> Action item:
Your job with the data below is to output exactly the lines from the one holding "龍山寺の近くの夜市入ってすぐ" down to the one holding "Night scene with", both included, and no others.

> Provided data:
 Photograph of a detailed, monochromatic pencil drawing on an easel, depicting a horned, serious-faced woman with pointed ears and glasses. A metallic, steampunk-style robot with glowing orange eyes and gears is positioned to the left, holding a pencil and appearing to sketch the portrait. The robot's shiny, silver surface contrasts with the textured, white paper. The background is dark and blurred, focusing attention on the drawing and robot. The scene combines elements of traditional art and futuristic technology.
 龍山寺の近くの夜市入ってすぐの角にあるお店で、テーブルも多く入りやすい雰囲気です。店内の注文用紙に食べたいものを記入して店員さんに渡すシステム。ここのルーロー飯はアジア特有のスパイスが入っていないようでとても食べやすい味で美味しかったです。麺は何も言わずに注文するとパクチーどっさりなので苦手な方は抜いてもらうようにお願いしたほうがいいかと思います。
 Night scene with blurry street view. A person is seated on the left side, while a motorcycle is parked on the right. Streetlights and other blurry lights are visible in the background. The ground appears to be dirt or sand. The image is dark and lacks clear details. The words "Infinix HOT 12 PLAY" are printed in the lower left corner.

* * *

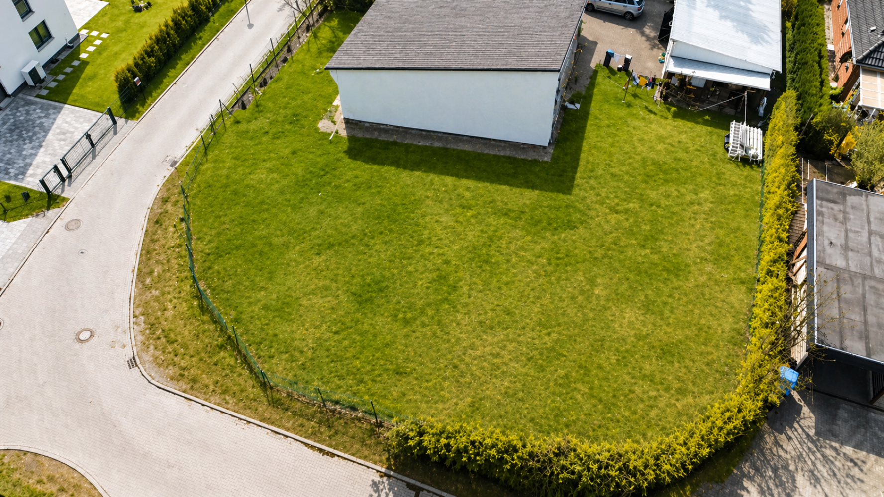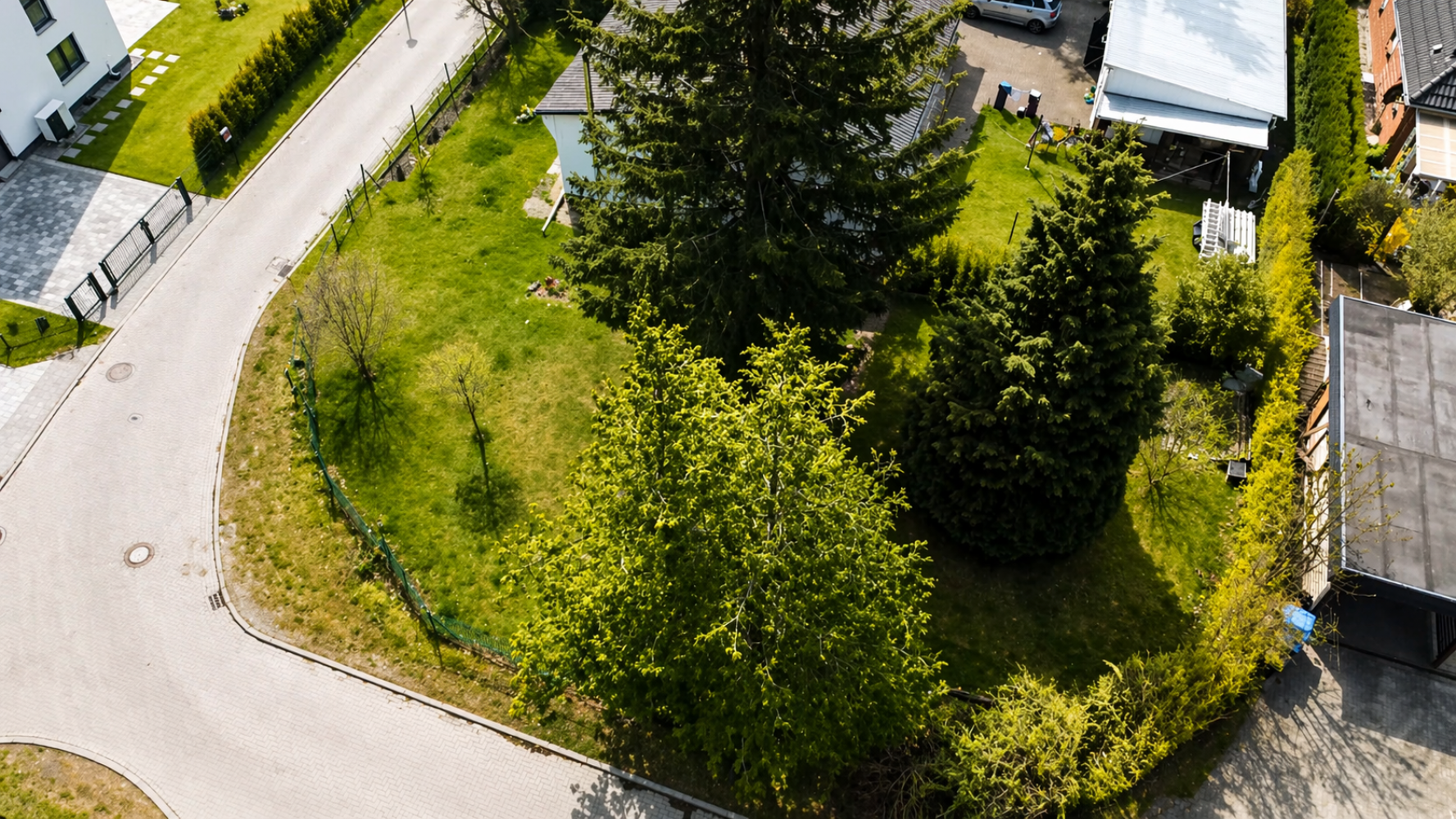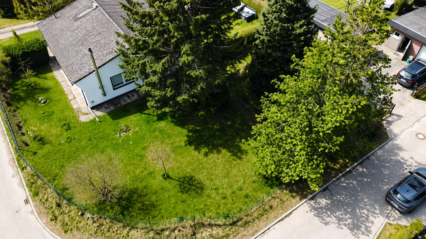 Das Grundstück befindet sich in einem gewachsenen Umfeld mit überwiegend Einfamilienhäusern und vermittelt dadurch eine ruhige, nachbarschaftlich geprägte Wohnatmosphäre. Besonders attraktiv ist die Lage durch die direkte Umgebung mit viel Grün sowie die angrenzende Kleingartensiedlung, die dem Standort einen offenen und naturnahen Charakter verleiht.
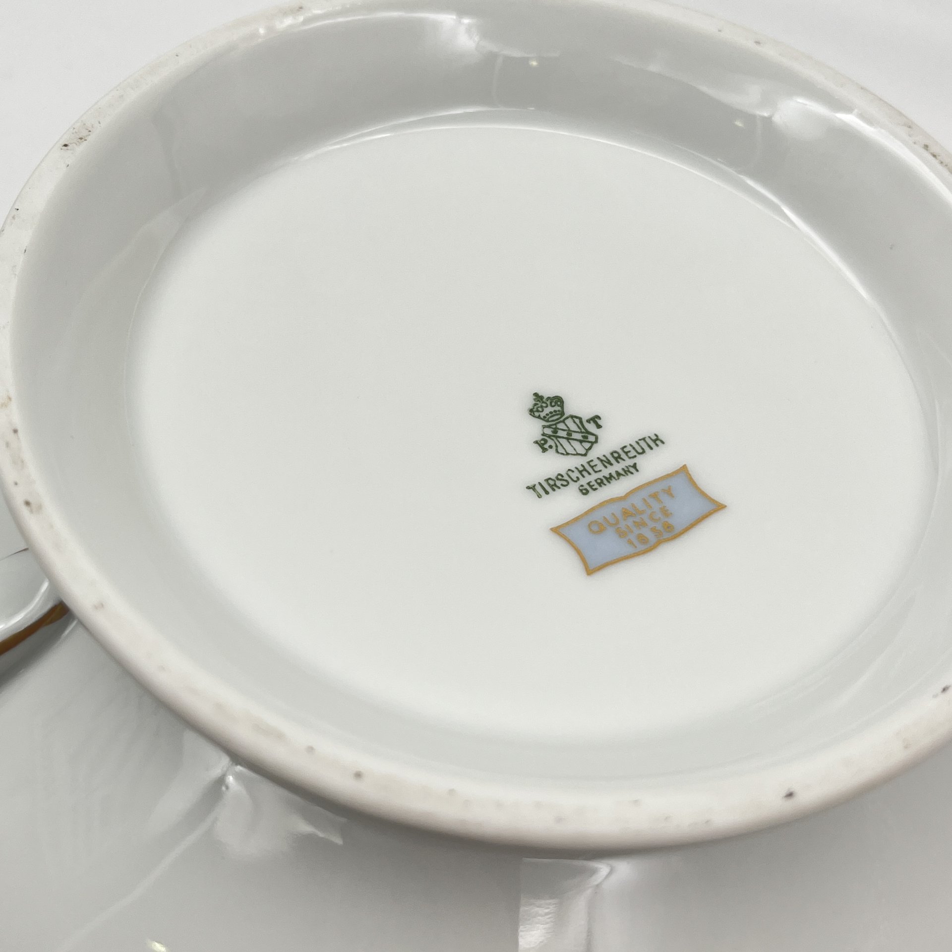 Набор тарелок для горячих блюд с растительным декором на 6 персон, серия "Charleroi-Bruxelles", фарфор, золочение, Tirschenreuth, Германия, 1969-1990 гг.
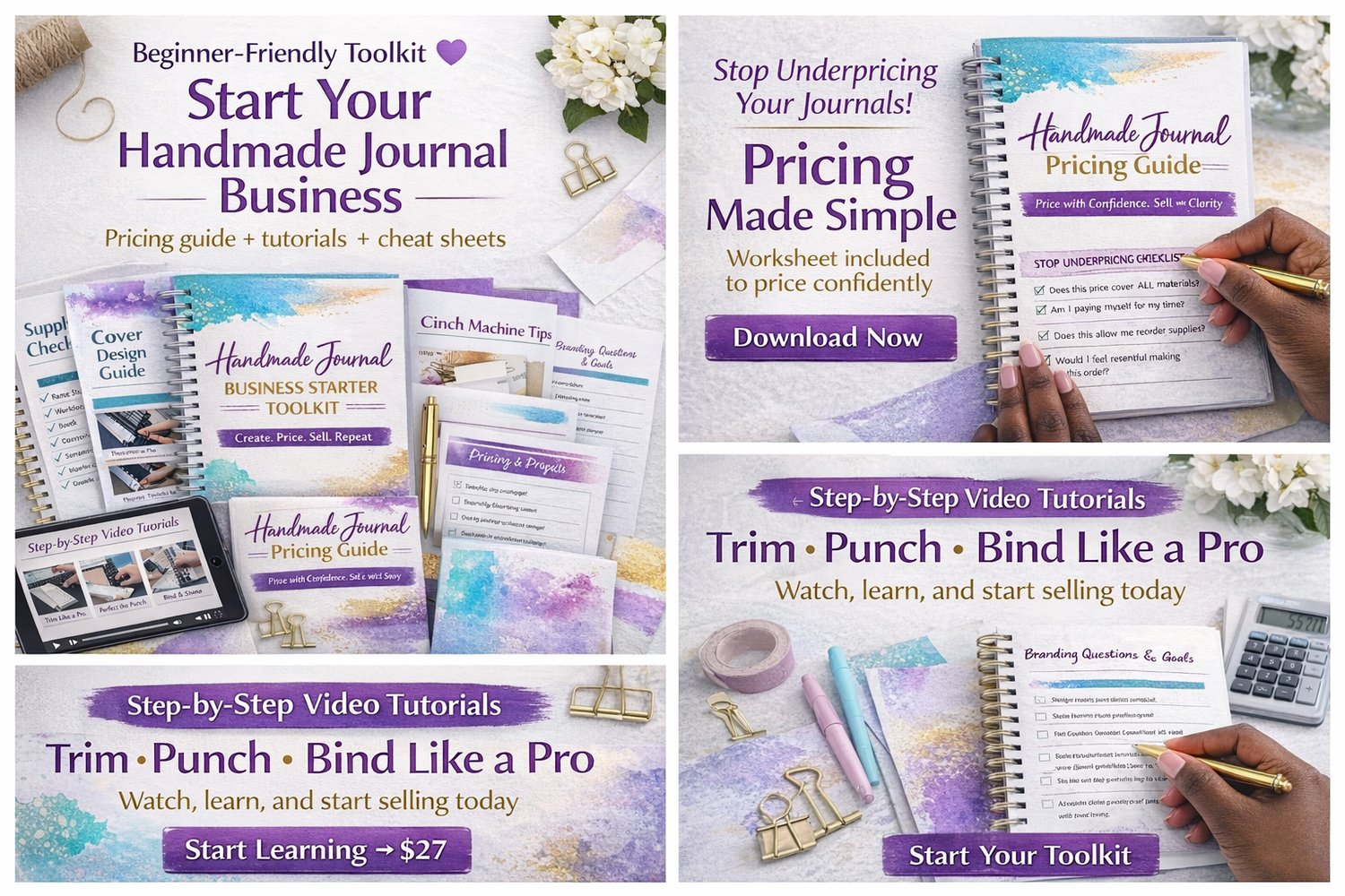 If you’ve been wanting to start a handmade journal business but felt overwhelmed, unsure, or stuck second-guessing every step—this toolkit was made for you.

---

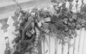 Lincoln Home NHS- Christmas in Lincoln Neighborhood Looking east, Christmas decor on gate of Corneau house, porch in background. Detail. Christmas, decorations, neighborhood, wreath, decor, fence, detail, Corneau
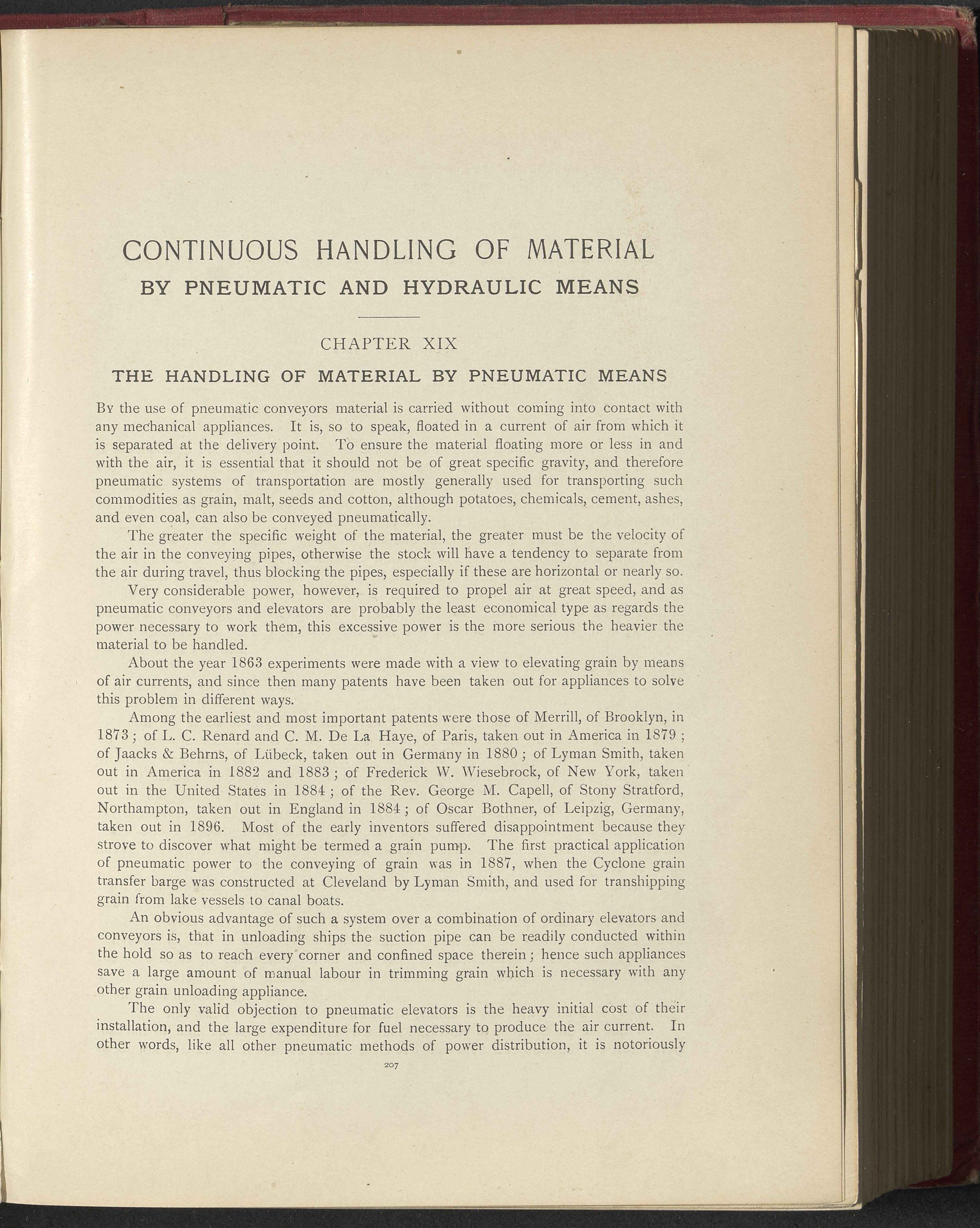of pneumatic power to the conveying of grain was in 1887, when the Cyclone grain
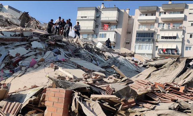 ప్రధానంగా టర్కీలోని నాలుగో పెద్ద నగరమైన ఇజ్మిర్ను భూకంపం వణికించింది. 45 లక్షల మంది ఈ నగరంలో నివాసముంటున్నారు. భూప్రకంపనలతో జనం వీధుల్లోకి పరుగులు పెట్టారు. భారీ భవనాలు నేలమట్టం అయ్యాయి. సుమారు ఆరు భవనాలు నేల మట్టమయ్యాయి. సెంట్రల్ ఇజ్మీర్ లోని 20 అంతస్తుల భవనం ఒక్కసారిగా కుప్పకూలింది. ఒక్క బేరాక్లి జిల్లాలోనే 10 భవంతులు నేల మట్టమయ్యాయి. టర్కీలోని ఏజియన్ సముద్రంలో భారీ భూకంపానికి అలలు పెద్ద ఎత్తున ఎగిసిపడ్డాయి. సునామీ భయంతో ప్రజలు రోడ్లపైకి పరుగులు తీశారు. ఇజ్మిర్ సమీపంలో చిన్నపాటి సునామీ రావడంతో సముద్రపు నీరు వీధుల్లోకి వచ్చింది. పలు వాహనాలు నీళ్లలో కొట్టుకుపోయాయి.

> Result below:
 龍山寺の近くの夜市入ってすぐの角にあるお店で、テーブルも多く入りやすい雰囲気です。店内の注文用紙に食べたいものを記入して店員さんに渡すシステム。ここのルーロー飯はアジア特有のスパイスが入っていないようでとても食べやすい味で美味しかったです。麺は何も言わずに注文するとパクチーどっさりなので苦手な方は抜いてもらうようにお願いしたほうがいいかと思います。
 Night scene with blurry street view. A person is seated on the left side, while a motorcycle is parked on the right. Streetlights and other blurry lights are visible in the background. The ground appears to be dirt or sand. The image is dark and lacks clear details. The words "Infinix HOT 12 PLAY" are printed in the lower left corner.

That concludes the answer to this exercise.